**Work to complete**
Transcribe exactly the lines from the top of the records below through the line that holds "2026/03/15の待ち時間グラフ (ハシビロGO!)", both included, with no pictures.

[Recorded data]
┄┄┄┄┄┄┄┄┄┄

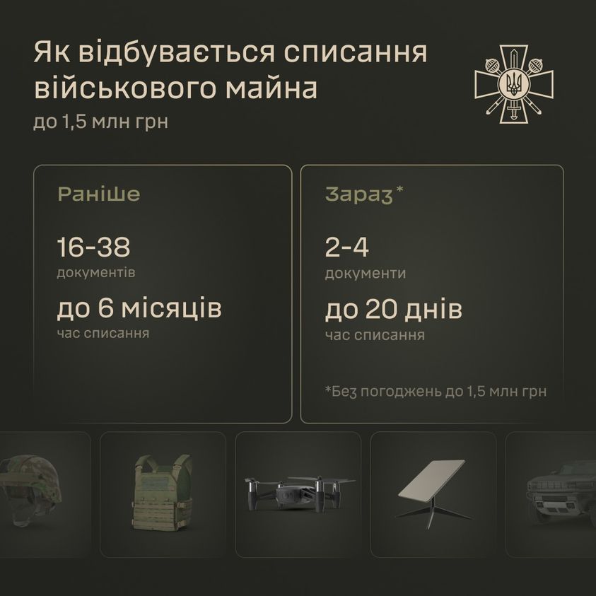 "Наприклад, раніше на списання дрона потрібно було зібрати до 40 документів. На це йшло від одного місяця до пів року. Ухвалені зміни скоротять процедуру до 20 днів. Техніку вартістю до 1,5 млн грн зможуть списувати командири окремих рот, батальйонів чи бригад", – розповів міністр.
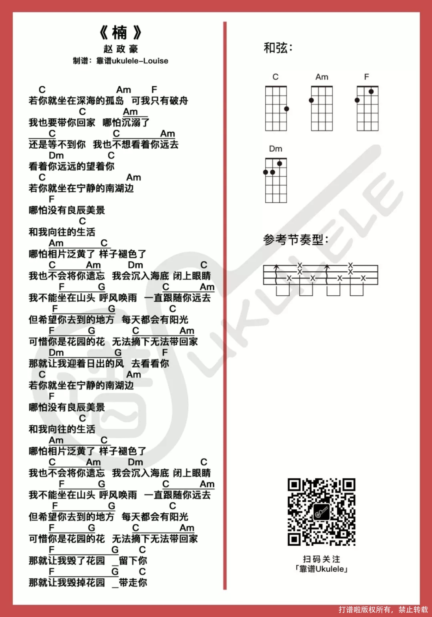 曲谱介绍: 赵政豪,《创造营2019》选手。这首歌是求谱来的,至于这个节目还有这个小朋友个人不是很了解,有人来说说吗? 这里就直接给谱了(Louise偷懒的一次分享哈哈哈哈哈)。 难度系数:★ 原调太低了哈哈哈,这个版本非原调。当然还有一个原因,这个版本和弦简单易上手(无敌和弦组,最喜欢用这样的和弦了哈哈哈哈哈)。 节奏型的部分,单单是使用基础下扫也是ok的。
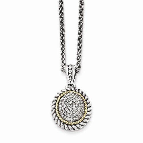 14K Yellow Gold and Silver Antiqued Diamond Necklace
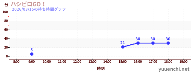 2026/03/15の待ち時間グラフ (ハシビロGO!)
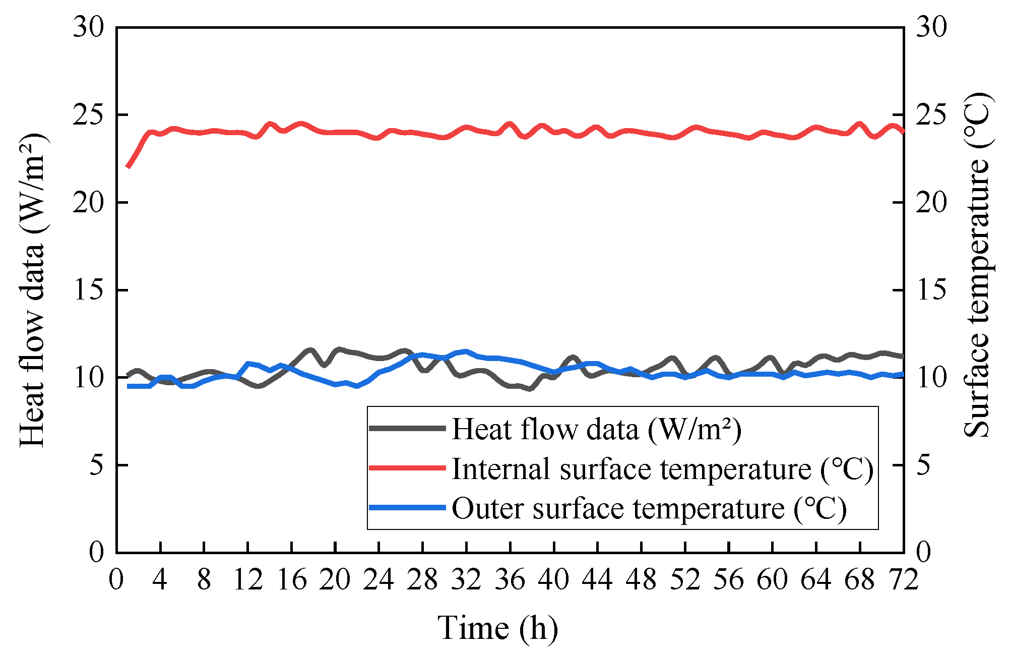 Figure 14. The heat flux sensor was positioned between two parallel plates with a uniform temperature. These guaranteed a one-dimensional steady-state heat flow. Once the temperatures on the interior and exterior wall surfaces reach thermal equilibrium, the detector produces the thermoelectric potential. The thermal resistance and heat transfer coefficient of the in situ sample can then be determined by correlating the heat flux density with the average surface temperature difference, as described in Equation (4).

┄┄┄┄┄┄┄┄┄┄

**Written answer**
 "Наприклад, раніше на списання дрона потрібно було зібрати до 40 документів. На це йшло від одного місяця до пів року. Ухвалені зміни скоротять процедуру до 20 днів. Техніку вартістю до 1,5 млн грн зможуть списувати командири окремих рот, батальйонів чи бригад", – розповів міністр.
 曲谱介绍: 赵政豪,《创造营2019》选手。这首歌是求谱来的,至于这个节目还有这个小朋友个人不是很了解,有人来说说吗? 这里就直接给谱了(Louise偷懒的一次分享哈哈哈哈哈)。 难度系数:★ 原调太低了哈哈哈,这个版本非原调。当然还有一个原因,这个版本和弦简单易上手(无敌和弦组,最喜欢用这样的和弦了哈哈哈哈哈)。 节奏型的部分,单单是使用基础下扫也是ok的。
 14K Yellow Gold and Silver Antiqued Diamond Necklace
 2026/03/15の待ち時間グラフ (ハシビロGO!)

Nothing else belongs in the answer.